The professional and general liability insurance for 2021 rates increased for the manor and hospital. There is an approximately $10,000 increase over last year. The board approved it.

Medical staff appointments were approved for Dr. Paul Wilhelm and Theresa Sutton, CRNA. Other monthly reports were approved: Medical Staff Minutes, IT Risk Report, QAPI (for the hospital and manor) and 2020 Cyber Security Risk Assessment.

A fire marshal report found three minor deficiencies with battery back-up, power cords, and fire drills not done in the midst of Covid. A plan of corrections was accepted.

Giving a manor report, Anton said, “It's been a rough 10 days.” The day of the meeting he said they had two residents in the hospital with Covid. Two staff members tested positive that day. He said manor staff and residents have had “lots of sickness other than Covid.” The board thanked Anton for his work.

Following an almost hour long executive session at the end of the meeting, the board approved the Risk Management monthly report for the manor.

KDH and Manor Financials and Statistics

Giving the financial and statistical information for the hospital in November, Goodno said it was a “very slow October, November skilled days were down and December started picking up a little bit.”

In November the hospital had 18 admissions. Total days of care (acute and swingbed) were 54. Of those days, 31 were acute. Outpatient visits totaled 564. There were 73 therapy visits, 51 X-rays, 46 ER visits and 332 lab visits. Clinic visits totaled 398.

After a recent interim cost report (regarding Medicare), Goodno said KDH made a large contractual adjustment of $191,866. KDH is now looking at an estimated $300,000 receivable from Medicare and will know more when she gets December's book closed.

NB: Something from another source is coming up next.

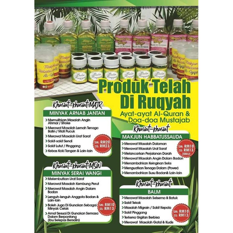 Dalam usaha merawat masalah lumpuh, bell's palsy, lemah tenaga batin / mati pucuk, sukar mendapat zuriat dll.

Due to that large contractual adjustment, total revenue was down at the hospital. Total operating revenue was $244,501. Total operating expenses were $556,190. This made a loss from operations of $311,688. The addition of $78,375 of district tax revenue and other miscellaneous income curbed the November loss to $176,087.

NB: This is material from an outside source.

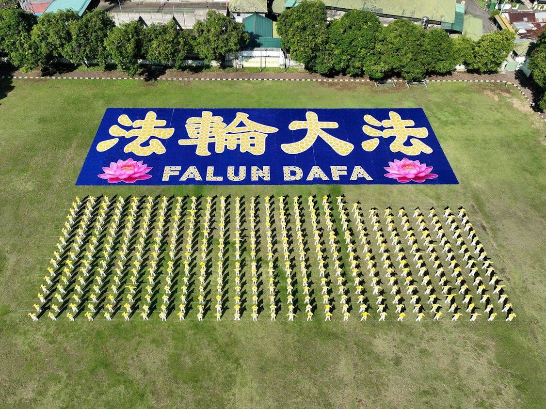 此次排字的圖案長58米、寬20.5米。由上百名學員們組成「法輪大法」四個漢字。學員們身穿黃色與白色服裝,按照順序進入場地,靜靜地站在指定位置,場面莊嚴祥和。

At the end of November, year-to-date the hospital was still in the black $4,472,720. Goodno always quickly points out that is primarily due to Covid stimulus money.

The manor's November financials show total operating revenue was $126,794. They had a resident census of 21. Total operating expenses were $153,811. This made a loss of $27,017. Goodno complimented Anton on having no agency nursing expense in November. With the addition $5177 mainly tax money and $1102 Covid stimulus money, the manor's loss was curbed to $20,738. Year-to-Date, the manor's overall loss was $59,721 at the end of November.

The comparative balance sheets of both the hospital and manor show an overall profit of $4,412,999 at the end of November – once again due mainly to Covid stimulus money.

Girty reported that net accounts receivable at the end of November totaled $694,578. The average day in accounts receivable is 46.

The board approved all the financial reports, including the bad debt report.

The next meeting of the hospital board is Jan. 26.